# help identifying



## shrtmann (Feb 15, 2009)

So I've been routing around the net for the past week. A freind gave me a couple of fish said they were a few months old and what not but didnt really know what they were, and i cant seem to find a picture to match what they are. I found a few that were close but nothing really concrete

Thanks in advance guys,








he's the red'sh and blue guy on the left

and heres the other one








wouldnt let me get a good picture of him but hes really dark black with blue speckles


----------



## pat3612 (Jan 29, 2008)

Hard to tell from those pics could be a Jack Dempsey put not sure


----------



## shrtmann (Feb 15, 2009)

ya i thought the black one was a jack dempsey. Looks pretty similar to a few ive seen....
Not sure about the other still tho..

I will try and get some good close up pics


----------



## pat3612 (Jan 29, 2008)

That would help I know sometimes its hard to get a pic lol.


----------



## shrtmann (Feb 15, 2009)

ya got the wife a new camera for xmas so trying to find the best settings for takin the pictures. But the lil buggers just wont stay still lol


----------



## shrtmann (Feb 15, 2009)

alright heres some new ones these are little better

and heres another too


----------



## aeri (Sep 9, 2007)

jack dempsey and flowerhorn/convict hybrid?


----------



## shrtmann (Feb 15, 2009)

ya i am really thinking the black one is a jack dempsey and i really hope he doesnt get too big and the for the other one. Ya i really see the flowerhorn colouring in him. But he doesn't have the forehead so definately a crossbreed.
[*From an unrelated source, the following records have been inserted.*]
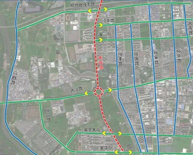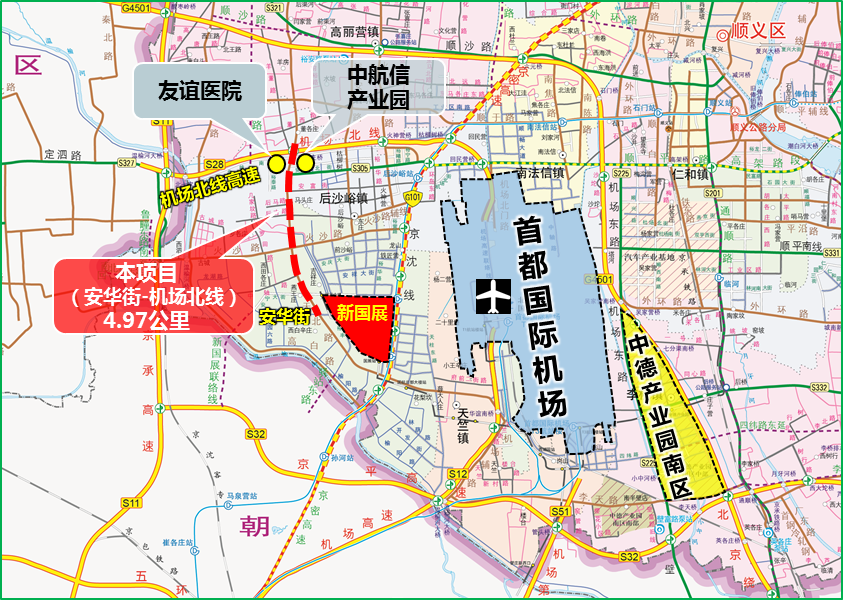 天北路改造路段南起安华街,北至机场北线高速,全长4.97公里,是连接首都国际机场、首都国际会展中心、北京中德产业园及北京友谊医院顺义院区的核心通道。
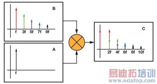 图5.如果输入信号(A)和参考信号(B)都是方波,则将它们相乘(C)可有效解调输入信号的每个谐波。
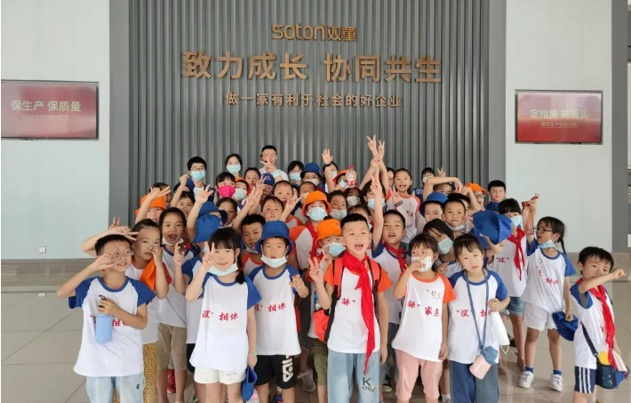 吸管妞在百米文化長(cháng)廊前,通過(guò)一幅幅鮮活的畫(huà)面,為同學(xué)們講述了雙童創(chuàng )始人樓仲平伯伯“雞毛換糖”的創(chuàng )業(yè)經(jīng)歷。聽(tīng)到在那個(gè)年代還吃不飽飯,同學(xué)們紛紛表示要珍惜現在美好的生活!
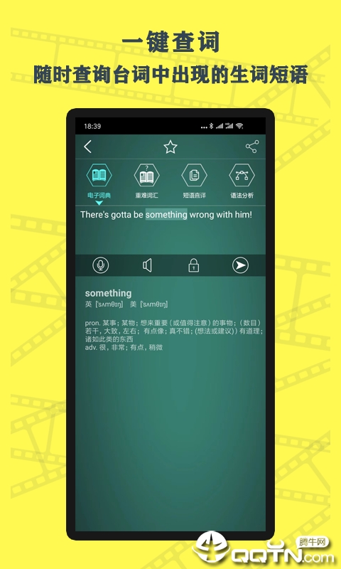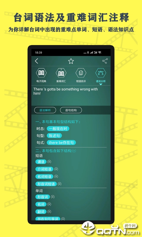 3、智能查询系统,一键即可获取台词中的单词、短语释义,重点词汇配有详细讲解,语法知识点解析深入浅出,帮助用户全面掌握语言要点。

Hopefully it is bred with something thats a little smaller..I was reading that the flower horns can get up to 30cm. Thats freakin huge especially for a little 75g tank. Just out of curiousity what makes you think its a convict hybrid

Thanks tho guys in helping out figure what they are or possiblky could be


----------



## Riceburner (Mar 14, 2008)

The Jack may end up about 30% bigger than the Lab.


----------



## shrtmann (Feb 15, 2009)

ya thats not too bad i have a livingstonii in my tank that pretty big and thick. Im thinking it'll be about the same size


----------